Use `Repo.rollback/1` to abort transaction work:

```elixir
{:error, :rolled_back} =
  MyApp.AnalyticsRepo.transaction(fn ->
    MyApp.AnalyticsRepo.query!("INSERT INTO events VALUES (3)")
    MyApp.AnalyticsRepo.rollback(:rolled_back)
  end)
```

Read-only Ecto queries against table names are also supported, including CTEs, window functions, joins, grouping, having, distinct, aggregate `FILTER`, arithmetic expressions, `in/2`, predicates, ordering, limits, aggregates, and fragments:

```elixir
import Ecto.Query

MyApp.AnalyticsRepo.all(
  from event in "events",
    where: event.id > ^min_id and like(event.name, "d%"),
    order_by: [asc: event.id],
    select: %{id: event.id, name: event.name, upper_name: fragment("upper(?)", event.name)}
)
```

Ecto support is analytical rather than CRUD-shaped, but still early. Migrations, set combinations, locks, and Ecto-managed inserts/updates/deletes raise explicit unsupported-feature errors for now.

## Current limitations

- Bind parameters are not exposed through this Quack client path yet.
- Appends are represented at the protocol struct level but are not exposed as public API.
- Ecto support is limited to raw SQL through `Repo.query/3` and read-only analytical table queries through `Repo.all/2`.
- The low-level protocol is experimental and tracks DuckDB's Quack extension behavior.

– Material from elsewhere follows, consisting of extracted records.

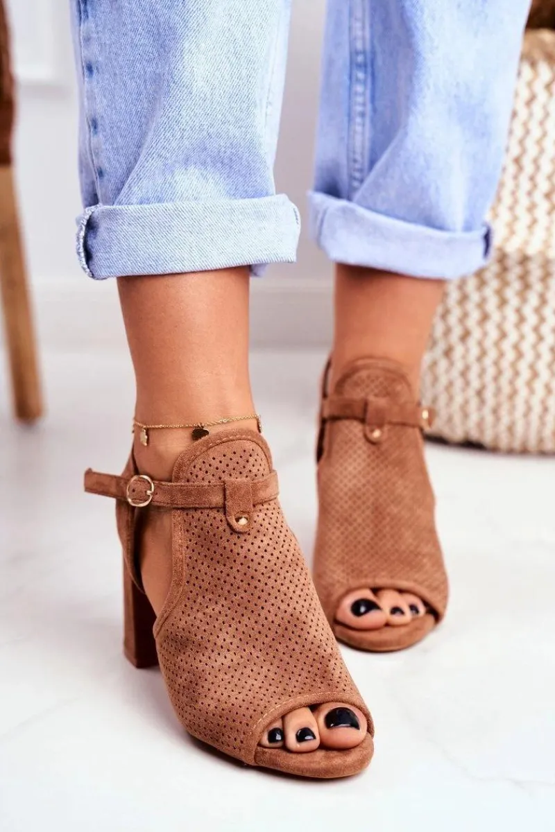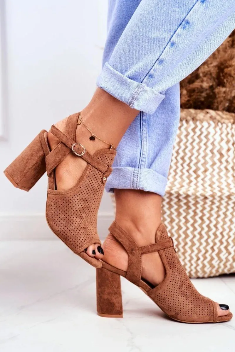 Sale Sandały Damskie Na Słupku Ażurowe Brązowe Kira Damskie Sandały Ażurowe|Sandały Na Obcasie
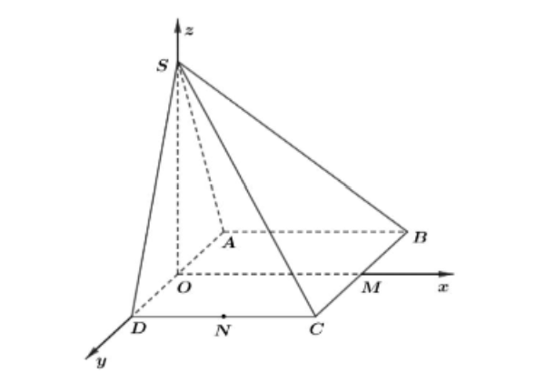 O(0, 0, 0), A(0, 0, 0), D(1, 0, 0), B(0, 1, 0), C(1, 1, 0), M$\left(\frac{1}{2}, 1, 0\right)$, N$\left(1, \frac{1}{2}, 0\right)$, S(0, 0, 1).
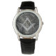 Stylish silver square and compass Masonic symbol personalised watch with an elegant black clock face.
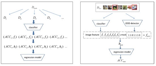 Left: The training process of the regression model. We first generate a set of transformed datasets from the training set and use the information from transformed datasets to train the regression model for predicting model accuracy. Note that in these transformed datasets, the mask of the images is always set to 1 because the labels of these images have not changed and still belong to the original distribution. Right: We use the trained regression model to predict the accuracy of the model, and the image shown in the red box indicates out-of-distribution (OOD) data. To avoid the impact of these OOD images on the prediction of the regression model, an OOD detector sets the mask of the corresponding features of the image to 0.

## Supervision and connection options

Use QuackDB under your application supervisor when you want a long-lived connection pool:

```elixir
children = [
  {QuackDB,
   uri: "http://[::1]:9494",
   token: "super_secret",
   name: MyApp.QuackDB,
   pool_size: 5}
]
```

The client accepts QuackDB options such as `:uri`, `:token`, and `:transport`, plus DBConnection pool options such as `:name`, `:pool_size`, `:queue_target`, `:queue_interval`, and `:timeout` on individual calls.

```elixir
QuackDB.query(MyApp.QuackDB, "SELECT 1", [], timeout: 10_000)
```

## Development

```sh
mix deps.get
mix ci
```

Integration tests are skipped by default. To run them against a Quack server:

```sh
QUACKDB_TEST_URI='http://[::1]:9494' \
QUACKDB_TEST_TOKEN=super_secret \
mix test --include integration
```

See [`guides/getting-started.md`](guides/getting-started.md) for a longer walkthrough, [`guides/type-support.md`](guides/type-support.md) for the current DuckDB type matrix, and [`docs/research.md`](docs/research.md) for protocol notes.